In 2014 the festival was accompanied by special tributes targeted both to raise the awareness of the public opinion and to disseminate the perspective of the big schools of European animation to the festival's audience. The festival honored in 2014 women creators as well as the female element in the art of animation. Therefore, a tribute to gender equality was carried out under the auspices of the General Secretariat for Gender Equality and the American Embassy in Athens. The tribute entitled “Woman in Anima” included movies screenings by internationally renowned artist Signe Baumane, whose work is focused on modern woman issues, such as the recently awarded film “Rocks in my pockets”, as well as movies like “Sita sings the blues” by Nina Paley.
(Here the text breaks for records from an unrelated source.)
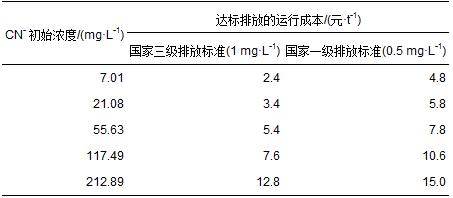 表3 處理不同初始CN-濃度廢水需要的運行成本
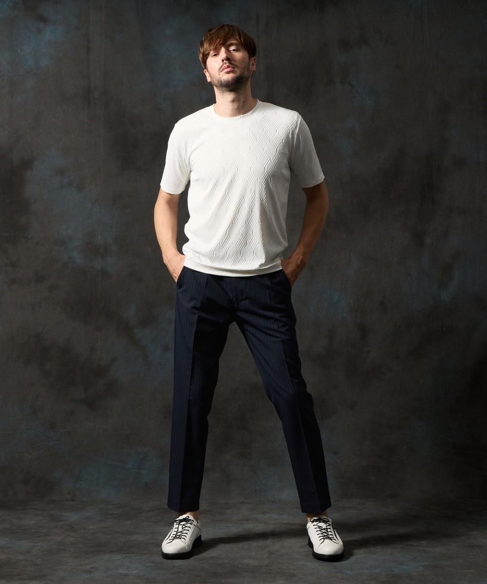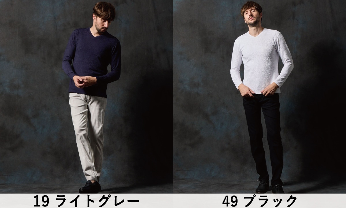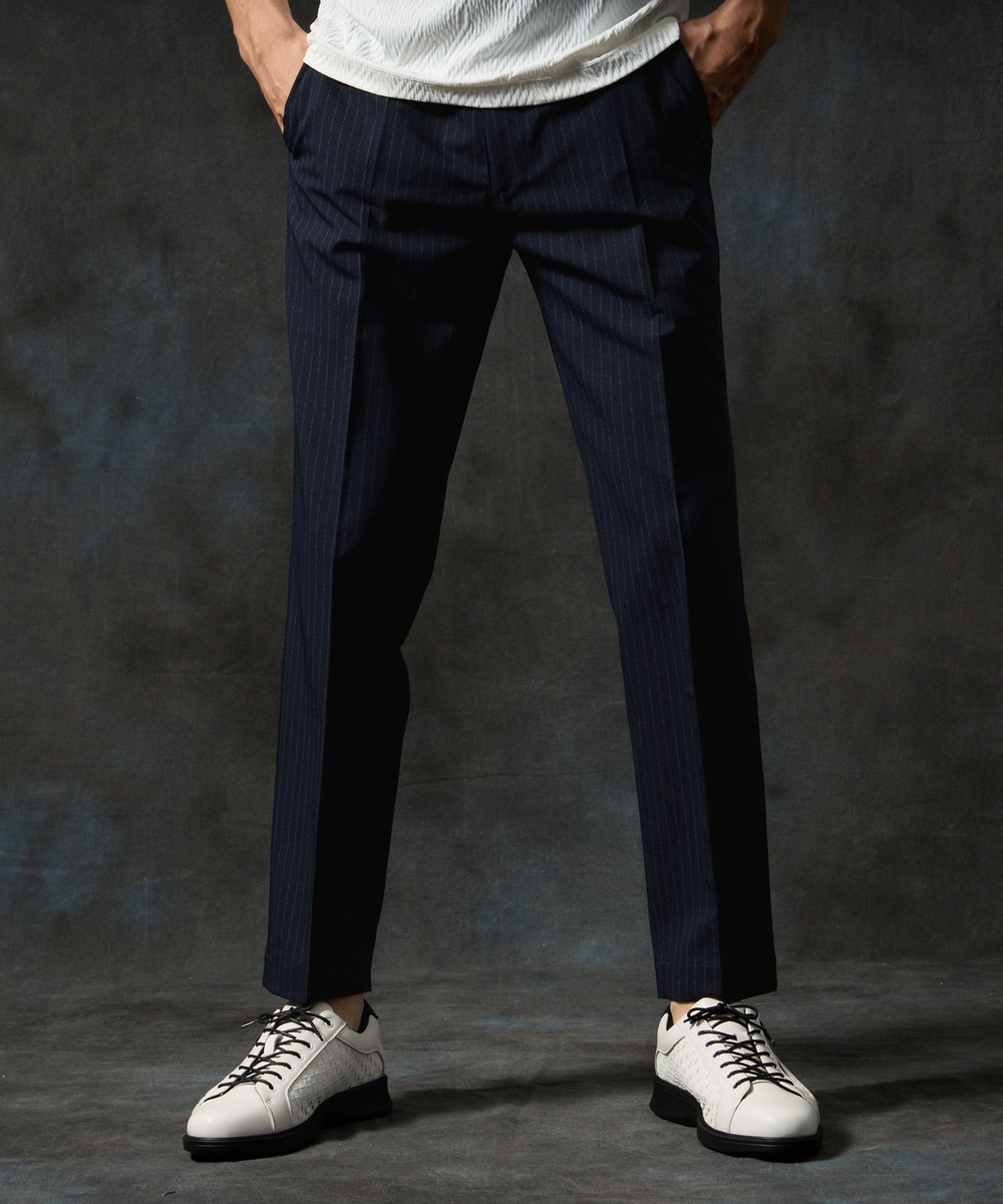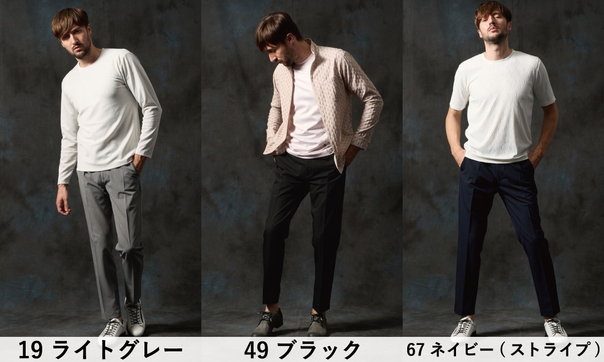 合わせやすいベーシックカラーの全3色展開。67ネイビーはストライプ柄のプリントを施して少しクラシカルなイメージでもご着用いただけます。ジャケットに合わせたビジカジスタイルのパンツとしても活躍してくれます。
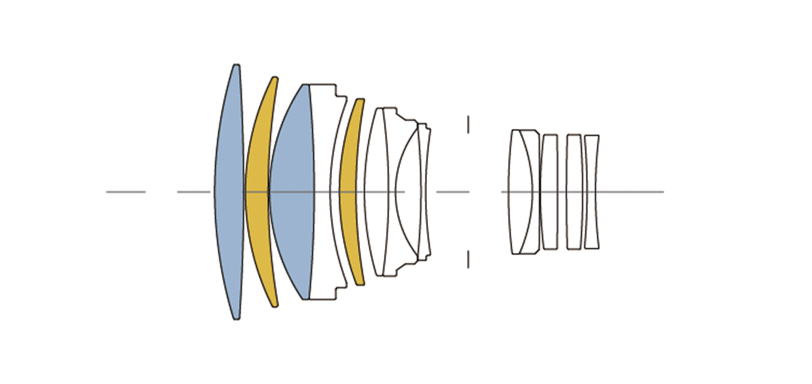 ภายในตัวเลนส์ประกอบด้วยชิ้นเลนส์ 13 ชิ้น 10 กลุ่ม โดยมีชิ้นเลนส์พิเศษคือ SLD Super Low Dispersion (สีฟ้า) มาให้ 2 ชิ้น และ FLD ลดความคลาดเคลื่อนสี นอกจากนี้ยังมีชิ้นเลนส์2 ชิ้นแก้อาการขอบม่วงขอบเขียว ทำให้เลนส์ตัวนี้ให้ภาพที่สว่างใส มีความคมและมีขอบม่วงที่น้อยมากๆ

Furthermore, the festival hosted this year special and enriched tributes with European orientation. With the support of the Institut Francais de Athenes (IFA), the festival realized a tribute to the great creator of animation movies Jacques-Rémy Girerd, founder of the famous studio Folimage. With reference to the north of Europe other significant events were also held within the festival; the tribute to Animafest Zagreb from Croatia, which since its establishment in 1972 is the second oldest animation festival in Europe, as well as the tributes to Tallinn Black Nights Film Festival and to Animated Dreams sub-festival, which both count more than fifteen years of active presence and come from the particularly active in animation production country of Estonia.

== Animasyros and European Cultural Capital 2021 Project ==
In the summer of 2014 the first contacts between Animasyros and local authorities of Syros began in order to discuss the possibility of Animasyros involvement in the preparation proceedings of the nomination of the Municipality of Syros as Cultural Capital of Europe 2021. In October 2014, an official task group was created with the participation of the local authorities as well as institutions linked to cultural and touristic affairs, so as a nomination proposal entitled “Syros- Cyclades 2021 – Cultural Capital of Europe” to be formed. Animasyros became part of this group and now works towards drafting and promoting the nomination, recognizing the uniqueness of Hermoupolis as well as of the whole archipelago as an integral monument of European cultural reference. At the same time, Animasyros strongly supports every initiative taken by the Municipality in its effort to get the historic site of Hermoupolis and the medieval settlement of Ano Syros included in the Unesco World Heritage List as the 18th Greek monument.